现代主义理论认为:身体如同自然,是一种资源,对身体资源的利用如同对自然资源的利用,必须符合生态学的原理。随着社会文明的推进,女性尤其是女性身体出现在各种媒介的频率越来越高,也许人们会认为这是女性生存环境的改善。然而,我认为,这恰恰是女性的生态环境的不平衡,一则“无痛人流”的广告无疑减少了女性对疼痛的恐惧,同样也减少了女性自我保护的意识;男性则利用这一技术文明作为转移注意力一种手段。本来,女性生存环境的不良,生态的不平衡,有着长期以来的父权制、男性话语中心的原因;如今,加上技术文明、媒介宣传等推波助澜的因素,女性的生态环境无疑到了该重视的时候了。广告是支持经济的重要机制之一,对广告的解构揭示了一种社会性别歧视符号化与性别化的方式。因此。无论是从伦理学还是从生态学的角度看,这都不是女性的有利的生态环境。西蒙.波娃说:一个人之为女人,与其说是“天生”的,不如说是“形成”的。[1]对,女人是形成的,我们只有充分了解形成女人的环境,才能改善女人的生存环境,以构建和谐的女性生态环境。

一、技术文明与女性身体

作为时常社会的“经济人”,人民不但消费物质产品,更多地是消费广告,消费类像,消费品牌,消费欲望,也消费符号。文化商品化了,文化进入了消费,这是一个由仿真与幻象架构的“超级实在”比真实还真实的文化世界。看看充斥我们眼球的那些广告,那些以女性为题材或与女性有关的广告,技术文明与女性身体密切联系在一起,“无痛人流”就是其中一例。
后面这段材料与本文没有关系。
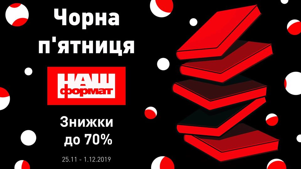 У «Нашому Форматі» Чорна п’ятниця триватиме з 25 листопада до 1 грудня в інтернет-магазині (замовлення можна робити цілодобово) та в книгарні (м. Київ, пров. А. Горської, 5). Видавництво готує знижки до 70% на свої книжки та понад 2000 назв від українських видавництв, а також подарункові комплекти зі знижкою та особливі сюрпризи.

“无痛人流”不知道这算不算新词汇,打开电视、电脑,走在街上,处处都充斥此类说法的图象、招牌、灯箱、传单,让女人那已经麻木的神经被冲刷的更加不仁,“微管”、“进口微管”、“内窥”等字样,再配以彩色的图案,技术文明将这些先进的图案编排得耀眼而漂亮,它让男人那已经稍有内疚的心一下就处之泰然,就像“三人市虎”,话说的多了,说的人多了,假话也变成真话了。我当然不是否认他们所谓的"无痛",我只是感觉,广告只是广告,这种手术视乎也是一种商业行为,女性的身体(包括女性的子宫)也能给商家带来了无限的商机,因为广告本就是一种促消工具。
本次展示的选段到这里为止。